Plaintiff makes much of the fact that he initially represented himself in this matter. He requests that the Court recognize his good-faith lay efforts to complete service under Rule 4 and grant him additional time to complete service. See Olsen v. Mapes, 333 F.3d 1199, 1205 (10th Cir. 2003) (noting that pro se litigants should be afforded leniency regarding Rule 4's service requirements). However, for the first two and a half years of this litigation the Court was extraordinarily lenient regarding Plaintiff's own attempts to effectuate service of process. The Court gave Plaintiff two extensions and a step-by-step tutorial on Rule 4's service requirements. Moreover, after the Third Circuit reinstated Plaintiff's Complaint, the Court granted Plaintiff's request for the appointment of counsel, and, notwithstanding counsel's seeming failure to timely pursue Plaintiff's case, the Court dismissed its 2010 notice of call for dismissal and Plaintiff was able to meet with his attorney regarding the case. However, even with those accommodations, Plaintiff still failed to complete service on Dr. Silver pursuant to Rule 4(i)(3). Under these circumstances, the Court, in its discretion, determines that Plaintiff is not entitled to any additional extensions of time. If Rule 4's service requirements are to have any meaningful effect on litigants' expectations and behavior, there must be some end to their lenient application. At some point, the Court cannot offer any more exceptions or extensions. After more than six years of failing to serve Dr. Silver pursuant to Rule 4(i)(3), Plaintiff has reached that point.

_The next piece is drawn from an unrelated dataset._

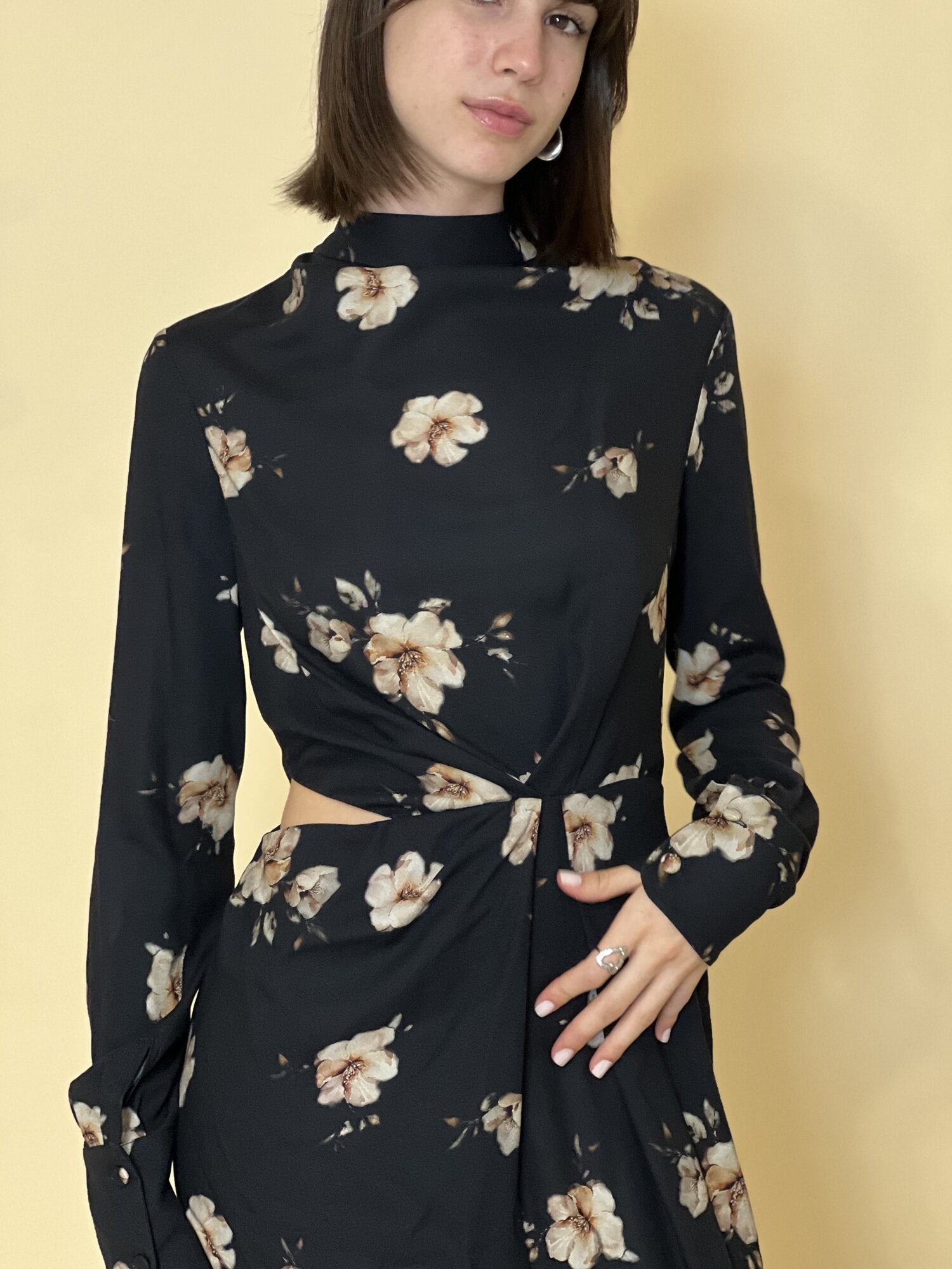 Abito lungo Maggie fiori nero di Mar De Margaritas. Abito a fantasia floreale midi con scollo a barca e maniche lunghe. Ripresa centrale in vita e dettaglio cut-out. Gonna svasata. Vestibilità morbida e dritta. Tessuto leggero e fluido con stampa floreale di fiori di albicocco. Disponibile nel colore nero.

Finally, the Court is mindful that the statute of limitations may bar Plaintiff from refiling his claims against Dr. Silver. Although that factor usually weighs in favor of extending the service period, the Court finds that the opposite is true under the circumstances of this case. Statutes of limitations are intended to encourage "rapid resolution of disputes, repose for defendants, and avoidance of litigation involving lost or distorted evidence." Romero v. Allstate Corp., 404 F.3d 212, 222 (3d Cir. 2005). Thus, "[t]he principal reason for statutes of limitations is to provide notice to defendants." Dixon Ticonderoga Co. v. Estate of O'Connor, 248 F.3d 151 (3d Cir. 2001). Dr. Silver has certified that he first learned about Plaintiff's claims against him when Plaintiff finally served him in July 2010, more than six years after Plaintiff filed his Complaint and more than nine years after Plaintiff's alleged injury. Dr. Silver is correct that it would be unfair to allow Plaintiff such an extraordinary extension of time to complete service because such an extension of Rule 4's service requirements would effectively result in a six year tolling of the statute of limitations. *fn12 In light of the regular two-year statute of limitations applicable to Plaintiff's claims, it would be unfair to require Dr. Silver to defend such an old claim by granting Plaintiff another extension of time to serve. See Brown v. Camden Cnty. Counsel, No. 10-1098, 2010 U.S. App. LEXIS 9826, at *10 (3d Cir. May 13, 2010) (holding that the statute of limitations for a Bivens claim brought in New Jersey is two years).
For the foregoing reasons, Dr. Silver's motion to dismiss is GRANTED . An appropriate order shall enter today.